After locating the line with "Растопите короткими импульсами" below, output it and each following line exactly, stopping after the line with "新乡市水利局关于表彰2020". No pictures.

DATA LISTING Block Start

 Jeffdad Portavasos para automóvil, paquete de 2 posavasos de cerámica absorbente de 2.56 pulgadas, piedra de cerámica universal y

DATA LISTING Block End
DATA LISTING Block Start

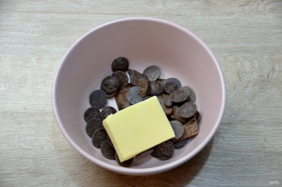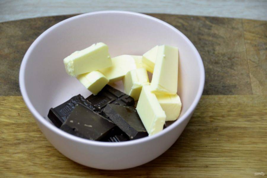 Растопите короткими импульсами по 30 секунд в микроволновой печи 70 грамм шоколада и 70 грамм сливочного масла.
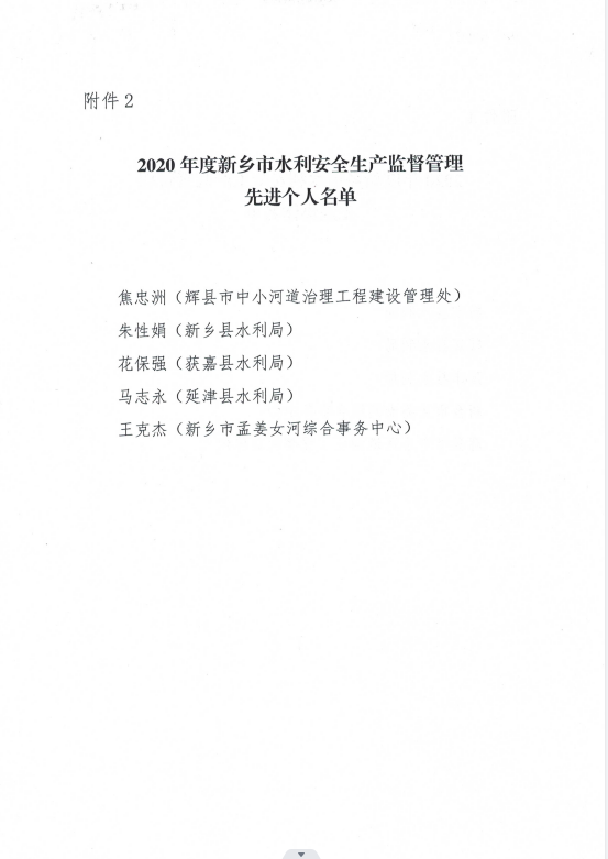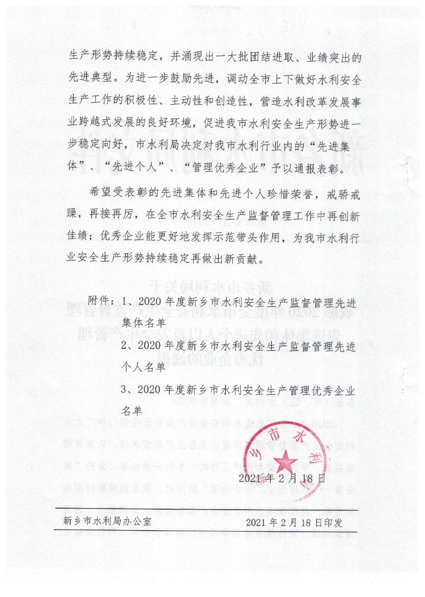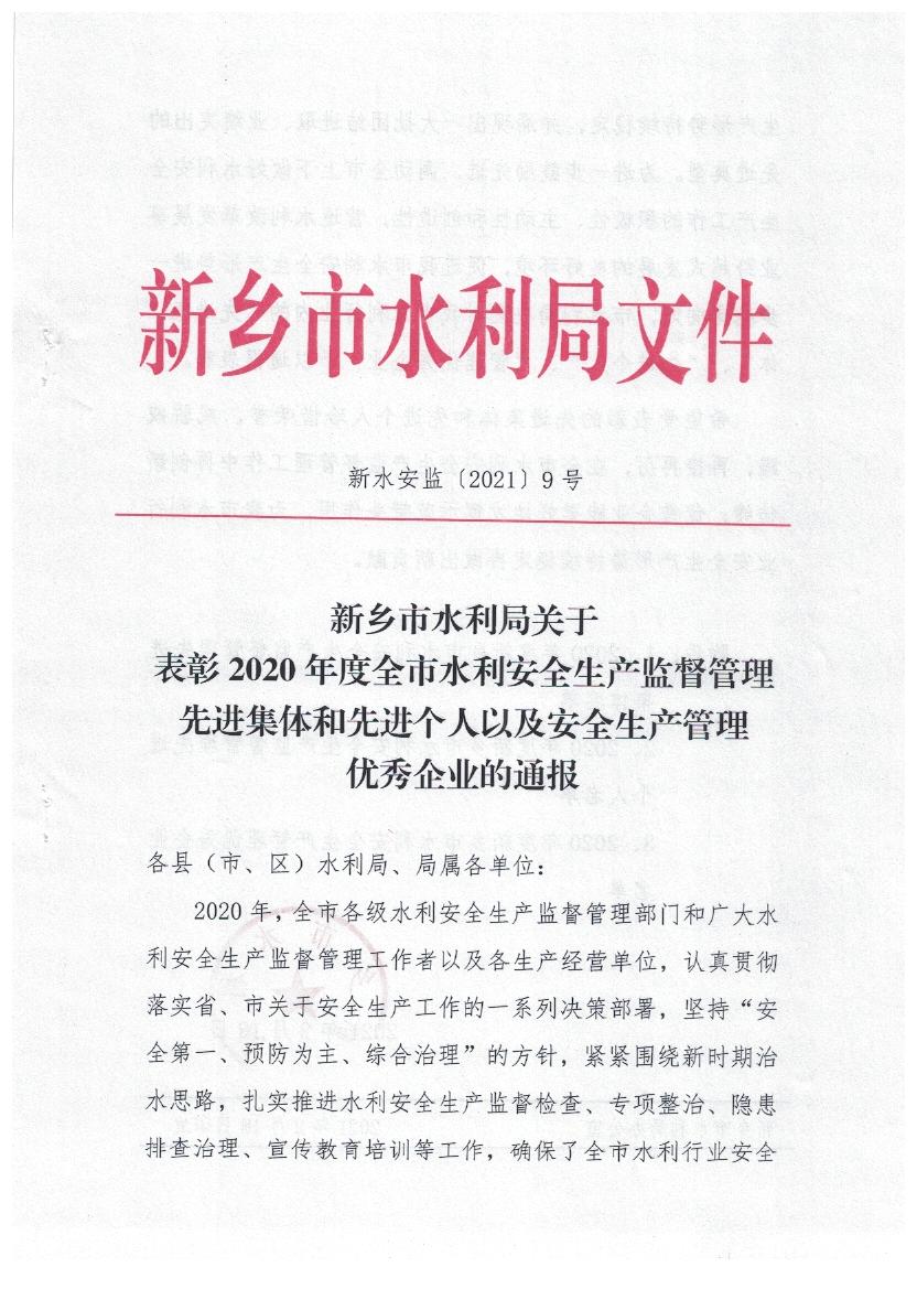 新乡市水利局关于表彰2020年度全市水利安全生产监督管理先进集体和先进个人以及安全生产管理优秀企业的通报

DATA LISTING Block End
DATA LISTING Block Start

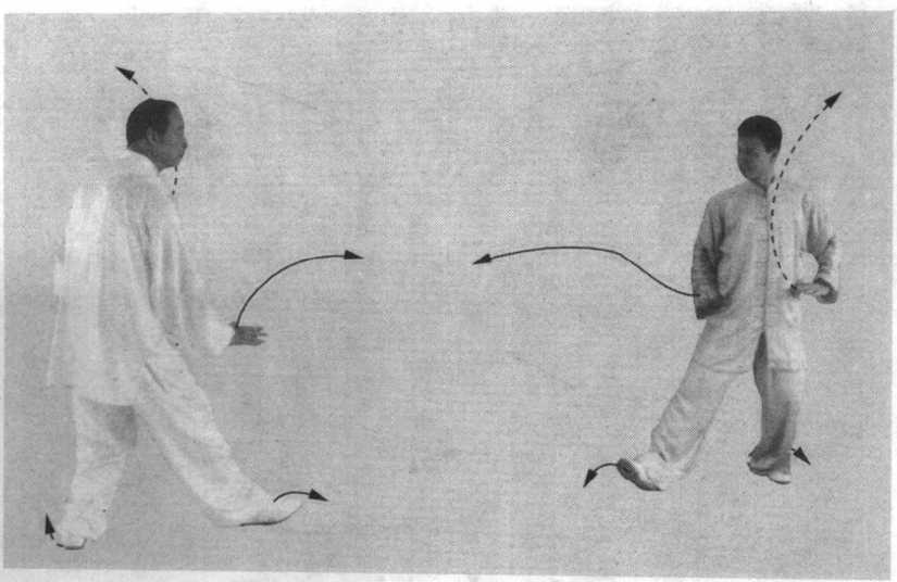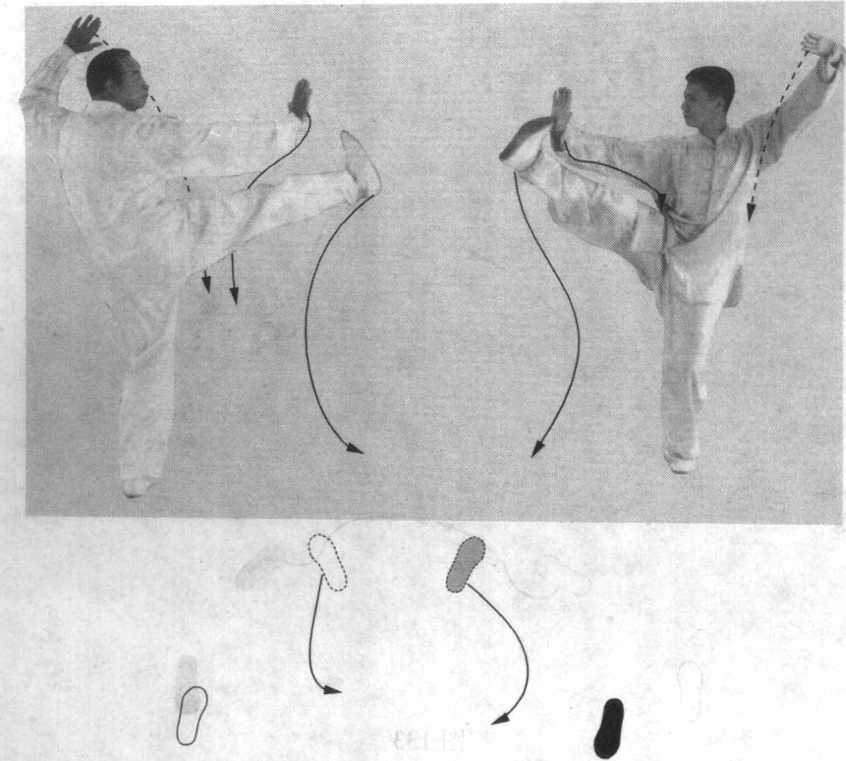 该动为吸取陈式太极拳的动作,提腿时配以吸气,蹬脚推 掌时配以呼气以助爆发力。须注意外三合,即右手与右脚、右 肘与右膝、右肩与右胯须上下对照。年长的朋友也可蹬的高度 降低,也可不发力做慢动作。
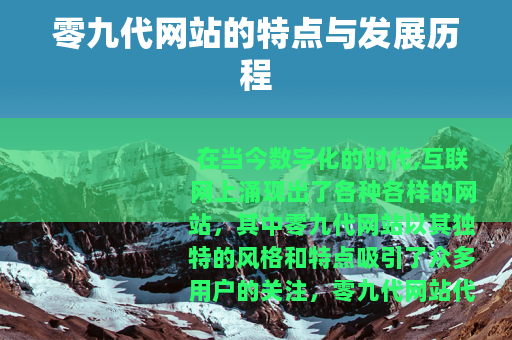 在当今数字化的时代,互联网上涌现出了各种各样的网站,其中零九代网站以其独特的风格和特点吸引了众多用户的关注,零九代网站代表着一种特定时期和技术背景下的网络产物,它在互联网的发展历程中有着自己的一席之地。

DATA LISTING Block End

_OUTPUT OF THE EXERCISE:_
 Растопите короткими импульсами по 30 секунд в микроволновой печи 70 грамм шоколада и 70 грамм сливочного масла.
 新乡市水利局关于表彰2020年度全市水利安全生产监督管理先进集体和先进个人以及安全生产管理优秀企业的通报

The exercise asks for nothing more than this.